Книгу я прочитал с огромным трудом, но одно, во всяком случае, усвоил: был на свете Бетховен. И только поэтому согласился на кошмарную процедуру, которой подверг меня один из потомков деда. Двоюродный брат отвел меня в бабушкин дом, где стоял рояль, чтобы я научился играть на этом инструменте. Он поднял крышку и коснулся клавиши — раздался басовый звук; другой рукой коснулся клавиши справа — раздался тоненький щебет или что-то в этом птичьем роде. После чего брат задал мне идиотский вопрос: «Какой из этих звуков выше, а какой ниже?» Я посмотрел на него, как на кретина, и ответил, что не знаю. «Как это не знаешь? Давай попробуем еще раз!» Он повторил эту игру несколько раз, но мой ответ оставался прежним: не знаю. В конце концов, брат разозлился, стукнул крышкой мне по пальцам, а вернувшись домой, сказал моей маме: «Твой сын дурак, ничего из этого не выйдет». Когда мама спросила меня, что случилось, я сказал: «Сам он дурак!
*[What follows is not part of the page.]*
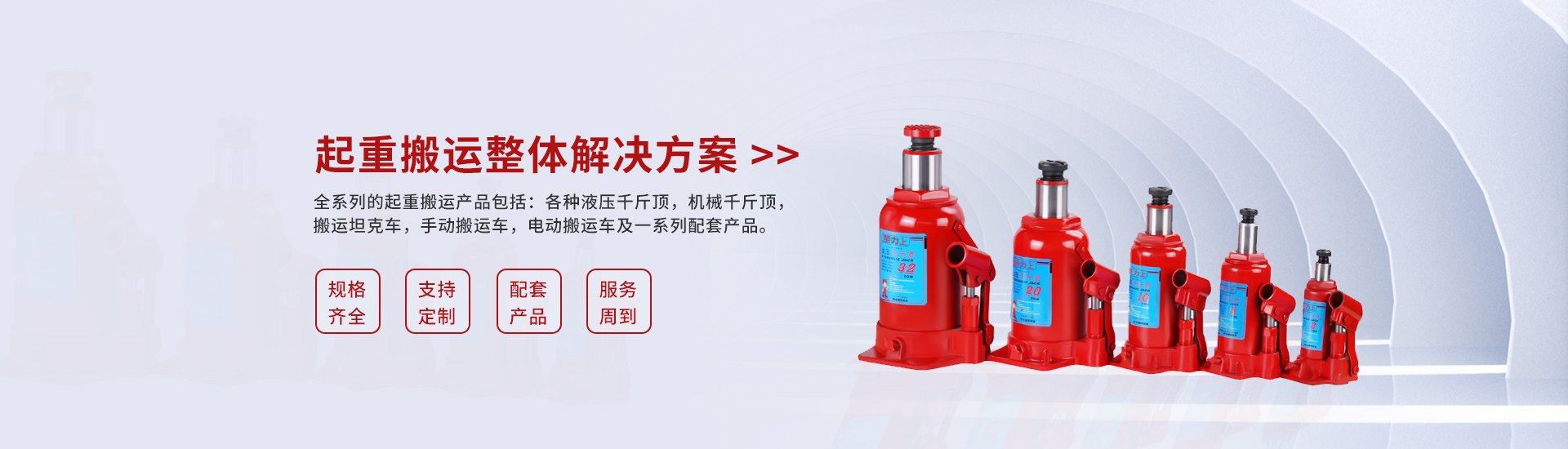 我们提供全系列的起重搬运产品,包括:各种液压千斤顶,机械千斤顶,搬运坦克车,手动搬运车,电动搬运车及一系列配套产品,规格齐全支持定制,满足您不同的工况需求。

Если бы он спросил меня, какой звук толще, а какой тоньше, я бы сразу ответил!» Вот так я не стал пианистом.

Потом меня пытались учить играть на скрипке, но учитель обнаружил, что, играя гаммы, я ставлю на пюпитр книгу и листаю страницы (уже тогда я приобрел эту дурную привычку), и отказался продолжать занятия. На этом мое музыкальное образование закончилось. Читал я постоянно, так обстоит дело и по сей день. Должен признаться, что в моем преклонном возрасте (который неуклонно приближается к закату, ведь я вышел на финишную прямую) единственное, чего мне действительно жаль, помимо бесед с людьми, подобными вам, и любования людьми, подобными моей жене, — это осознание того нехитрого обстоятельства, что я не успею прочитать все те книги, которые прочитать собирался. Быть может, я их уже и в руки не возьму. 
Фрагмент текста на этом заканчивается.